__Exercise prompt__:
Only the lines from the one containing "Beyond the surface" to the end of the data should be copied, exactly and without pictures.

__Source material__:
BEGIN

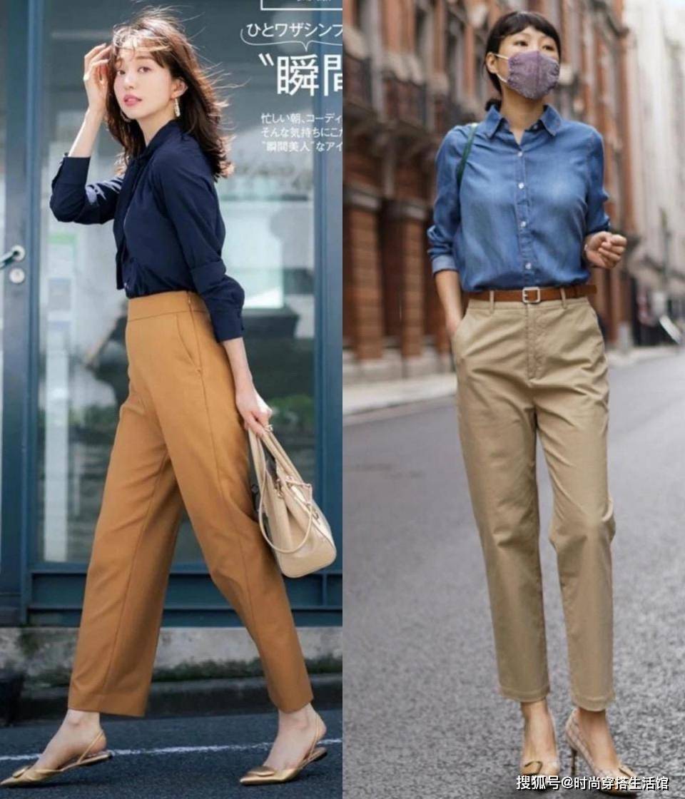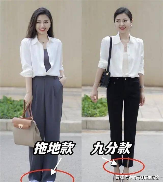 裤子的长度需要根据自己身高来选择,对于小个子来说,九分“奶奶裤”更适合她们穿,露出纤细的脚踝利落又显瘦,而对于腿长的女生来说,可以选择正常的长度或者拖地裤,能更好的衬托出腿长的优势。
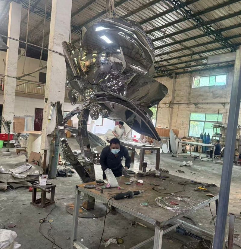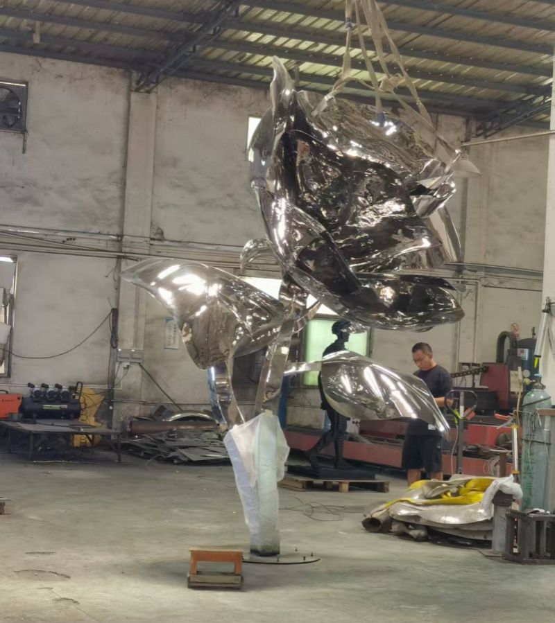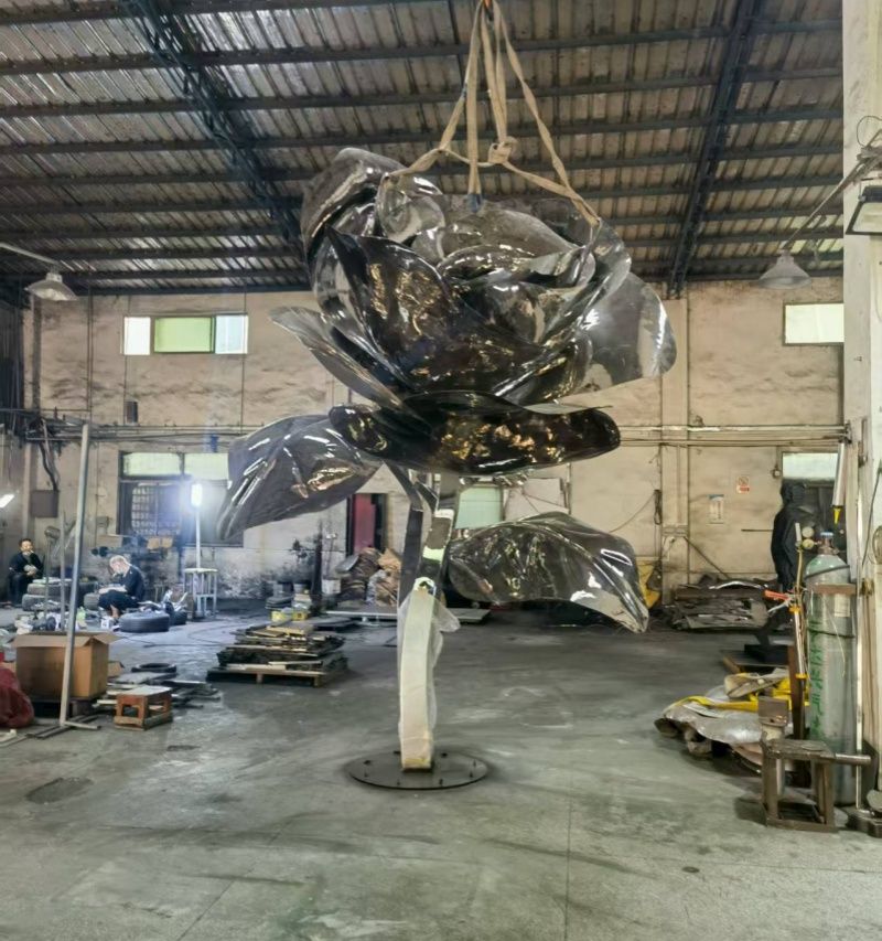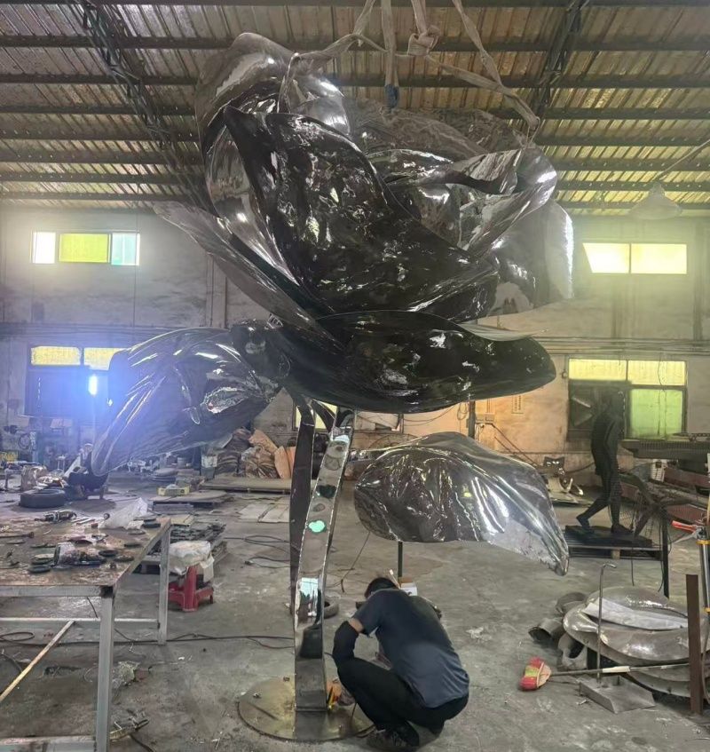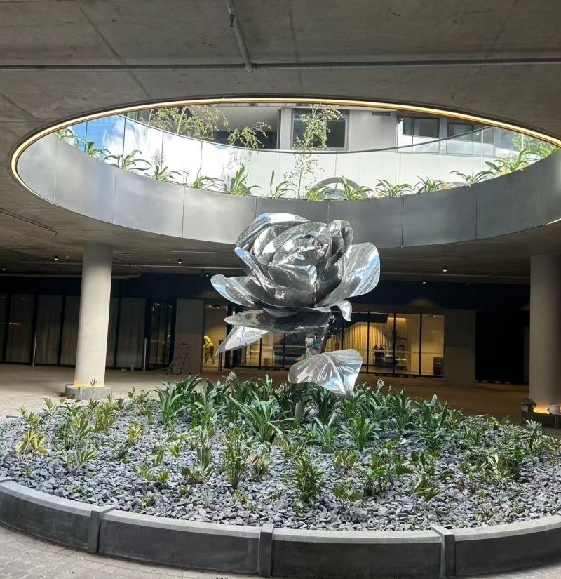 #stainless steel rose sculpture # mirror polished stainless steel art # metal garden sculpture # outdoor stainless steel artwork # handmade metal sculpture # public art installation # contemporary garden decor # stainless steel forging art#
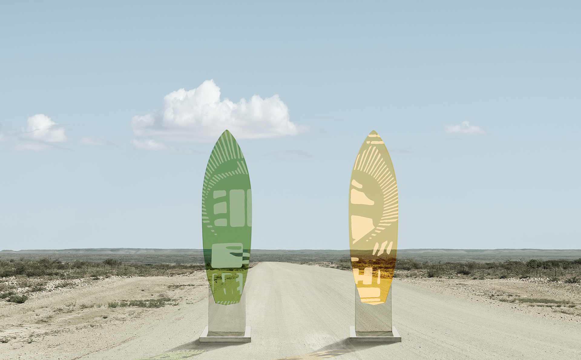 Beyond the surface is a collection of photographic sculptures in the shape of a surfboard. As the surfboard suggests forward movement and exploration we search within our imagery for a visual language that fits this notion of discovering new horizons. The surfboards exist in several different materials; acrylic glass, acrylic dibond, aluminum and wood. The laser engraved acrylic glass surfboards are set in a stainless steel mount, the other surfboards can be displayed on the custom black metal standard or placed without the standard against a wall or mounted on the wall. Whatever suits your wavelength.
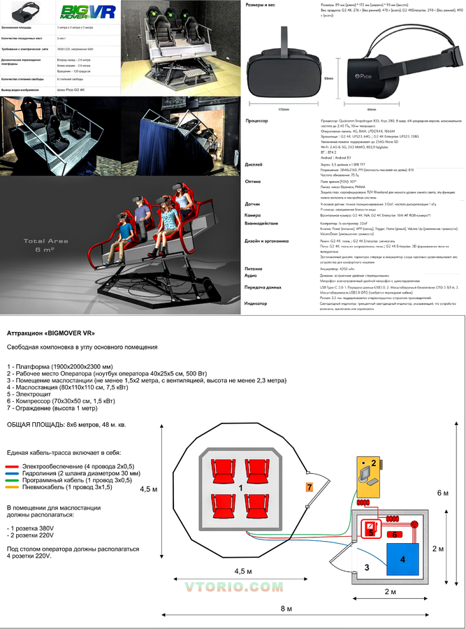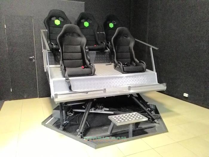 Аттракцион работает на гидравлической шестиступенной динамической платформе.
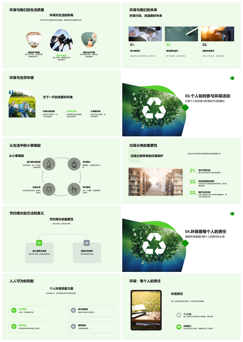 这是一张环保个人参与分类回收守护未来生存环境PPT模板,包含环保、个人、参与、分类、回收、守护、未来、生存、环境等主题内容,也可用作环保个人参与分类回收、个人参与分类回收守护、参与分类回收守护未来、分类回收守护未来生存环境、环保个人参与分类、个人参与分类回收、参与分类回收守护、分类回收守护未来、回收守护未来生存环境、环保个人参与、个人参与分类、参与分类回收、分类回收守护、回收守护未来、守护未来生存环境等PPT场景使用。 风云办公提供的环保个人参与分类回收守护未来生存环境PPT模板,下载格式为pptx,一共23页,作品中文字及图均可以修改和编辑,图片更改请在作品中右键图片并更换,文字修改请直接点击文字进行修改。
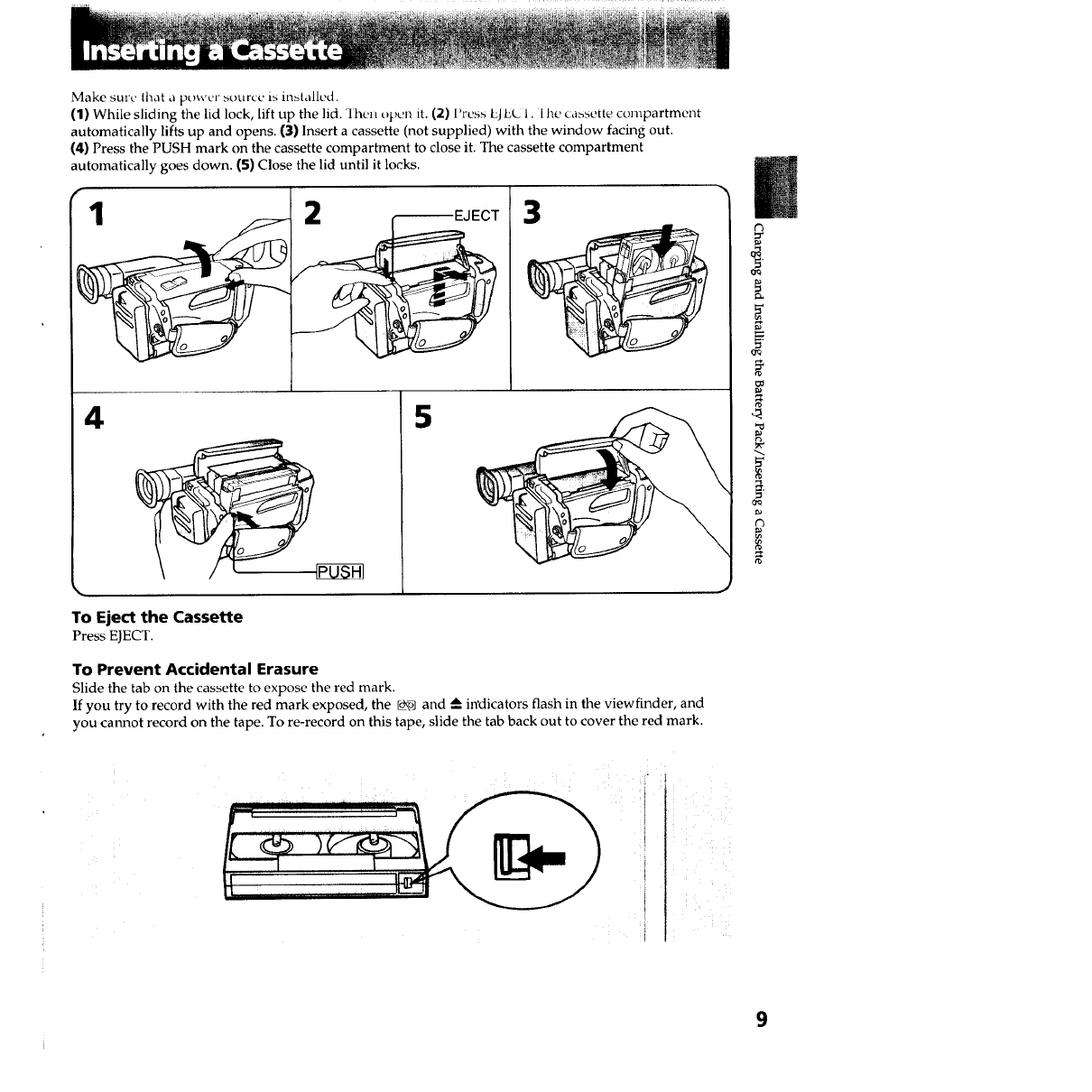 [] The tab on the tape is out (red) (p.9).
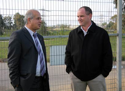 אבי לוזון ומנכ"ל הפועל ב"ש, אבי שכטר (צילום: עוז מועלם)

END

__Task answer__:
 Beyond the surface is a collection of photographic sculptures in the shape of a surfboard. As the surfboard suggests forward movement and exploration we search within our imagery for a visual language that fits this notion of discovering new horizons. The surfboards exist in several different materials; acrylic glass, acrylic dibond, aluminum and wood. The laser engraved acrylic glass surfboards are set in a stainless steel mount, the other surfboards can be displayed on the custom black metal standard or placed without the standard against a wall or mounted on the wall. Whatever suits your wavelength.
 Аттракцион работает на гидравлической шестиступенной динамической платформе.
 这是一张环保个人参与分类回收守护未来生存环境PPT模板,包含环保、个人、参与、分类、回收、守护、未来、生存、环境等主题内容,也可用作环保个人参与分类回收、个人参与分类回收守护、参与分类回收守护未来、分类回收守护未来生存环境、环保个人参与分类、个人参与分类回收、参与分类回收守护、分类回收守护未来、回收守护未来生存环境、环保个人参与、个人参与分类、参与分类回收、分类回收守护、回收守护未来、守护未来生存环境等PPT场景使用。 风云办公提供的环保个人参与分类回收守护未来生存环境PPT模板,下载格式为pptx,一共23页,作品中文字及图均可以修改和编辑,图片更改请在作品中右键图片并更换,文字修改请直接点击文字进行修改。
 [] The tab on the tape is out (red) (p.9).
 אבי לוזון ומנכ"ל הפועל ב"ש, אבי שכטר (צילום: עוז מועלם)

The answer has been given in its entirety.